Put like that, it might seem extreme, but how often do we give up before we start? How often does it happen to us to anticipate a dreaded failure and to just let it be. We just walk the other way, maybe a little sadder, maybe a little sleepier.


And it is no wonder, as it is quite likely that we were raised in an environment where a mistake is something we should never commit and – in case we did – something that would be punished by the authority figures around us.


But.

It has been decades that science has shown us just the opposite: we desperately need our mistakes if we want to learn things for the long term, if we want to have an intimate knowledge of one matter we need to know what can go wrong, how it feels, how we fix it. This applies to all stages if life: from rolling over to your tummy as a baby to managing a big company as an adult. If you are paralysed into not making mistakes you can at best reproduce what someone else has figured out. There is no way you can learn something new.
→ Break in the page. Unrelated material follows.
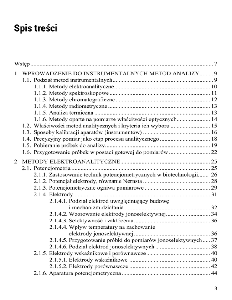 Spis treści Wstęp ........................................................................................................................ 7 1. WPROWADZENIE DO INSTRUMENTALNYCH METOD ANALIZY......... 9 1.1. Podział metod instrumentalnych .................................................................. 9 1.1.1. Metody elektroanalityczne ............................................................... 10 1.1.2. Metody spektroskopowe .................................................................. 11 1.1.3. Metody chromatograficzne .............................................................. 12 1.1.4. Metody radiometryczne ................................................................... 13 1.1.5. Analiza termiczna ............................................................................ 13 1.1.6. Metody oparte na pomiarze właściwości optycznych...................... 14 1.2. Właściwości metod analitycznych i kryteria ich wyboru .......................... 15 1.3. Sposoby kalibracji aparatów (instrumentów) ............................................ 16 1.4. Precyzyjny pomiar jako etap procesu analitycznego ................................. 18 1.5. Pobieranie próbek do analizy ..................................................................... 19 1.6. Przygotowanie próbek w postaci gotowej do pomiarów ........................... 22 2. METODY ELEKTROANALITYCZNE ........................................................... 25 2.1. Potencjometria ........................................................................................... 25 2.1.1. Zastosowanie technik potencjometrycznych w biotechnologii....... 26 2.1.2. Potencjał elektrody, równanie Nernsta ............................................ 28 2.1.3. Potencjometryczne ogniwa pomiarowe ........................................... 29 2.1.4. Elektrody .......................................................................................... 31 2.1.4.1. Podział elektrod uwzględniający budowę i mechanizm działania ........................................................ 32 2.1.4.2. Wzorowanie elektrody jonoselektywnej ............................. 34 2.1.4.3. Selektywność i zakłócenia .................................................. 36 2.1.4.4. Wpływ temperatury na zachowanie elektrody jonoselektywnej .................................................. 36 2.1.4.5. Przygotowanie próbki do pomiarów jonoselektywnych ..... 37 2.1.4.6. Podział elektrod jonoselektywnych .................................... 38 2.1.5. Elektrody wskaźnikowe i porównawcze .......................................... 40 2.1.5.1. Elektrody wskaźnikowe ..................................................... 40 2.1.5.2. Elektrody porównawcze ..................................................... 42 2.1.6. Aparatura potencjometryczna .......................................................... 44 3 Ćwiczenia .......................................................................................................... 46 2.2. Metody konduktometryczne ...................................................................... 65 2.2.1. Podstawy teoretyczne ...................................................................... 65 2.2.2. Ruchliwość jonów............................................................................ 69 2.2.3. Aparatura do pomiaru przewodności elektrolitycznej ..................... 70 2.2.4. Zastosowanie konduktometrii .......................................................... 72 2.2.4.1. Technika pomiarów bezpośrednich .................................... 72 2.2.4.2. Miareczkowanie konduktometryczne ................................. 75 2.2.4.3. Konduktometria bezkontaktowa (bezelektrodowa) ............ 79 Ćwiczenia ......................................................................................................... 79 3. METODY SPEKTROSKOPII CZĄSTECZKOWEJ ....................................... 97 3.1. Terminy stosowane w spektrofotometrii .................................................. 98 3.2. Widma elektronowe. Typy przejść elektronowych.................................... 99 3.3. Chromofory i auksochromy .................................................................... 102 3.4. Prawa absorpcji ....................................................................................... 103 3.5. Odstępstwa od praw absorpcji. Błędy pomiaru ....................................... 104 3.5.1. Czynniki chemiczne ....................................................................... 105 3.5.2. Czynniki aparaturowe .................................................................... 105 3.6. Techniki spektrofotometryczne ............................................................... 106 3.6.1. Metoda krzywej wzorcowej ........................................................... 107 3.6.2. Metoda algebraiczna ...................................................................... 108 3.6.3. Miareczkowanie spektrofotometryczne ......................................... 109 3.6.4. Metoda spektrofotometrii różnicowej ............................................ 110 3.7. Analiza ilościowa. Metody bezpośrednie i pośrednie ............................. 110 3.8. Wykonanie oznaczenia spektrofotometrycznego .................................... 111 3.8.1. Roztwory wzorcowe ..................................................................... 111 3.8.2. Przygotowanie krzywej wzorcowej ............................................... 112 3.8.3. Wykonanie pomiaru ....................................................................... 112 3.9. Nefelometria i turbidymetria ................................................................... 114 3.10.Aparatura, spektrofotometry UV-VIS ..................................................... 115 Ćwiczenia ........................................................................................................ 117 4. SPEKTROMETRIA ATOMOWA .....................................

On top of that, mistakes are intrinsically unpleasant: they give you that sense of disappointment without any need of someone else telling you form the outside. Children and adult alike take pleasure in doing things well. If they don’t manage, the disappointment of that failure will be the fuel for the next trial. It’s a pretty well-built system.
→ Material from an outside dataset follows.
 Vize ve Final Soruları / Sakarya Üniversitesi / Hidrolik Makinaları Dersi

If judgement and frustration come in from the outside though, the risk to go into defensiveness is huge (we cover these and more topics in our BabyBrains Workshops). I don’t know about you, but I am perfectly happy to see the flaws in my work and work at them until I am satisfied. It’s hard work though to resist the temptation to give a million excuses and explanations when I get a constructive critique. When I get a destructive one… forget it. Only just the thought of working again at that thing fills me with dread.

So why? Why is school still working mainly on the basis of mistakes avoidance and mistake punishment? Why are we transforming learning from the amazing fun it naturally is into a heavy chore? The alternatives exists, they are many and they are pleasant. Rachel Wu has written to us about it here.


Time to freshen up after years of industrial learning and to venture in the wonderful land of making mistakes.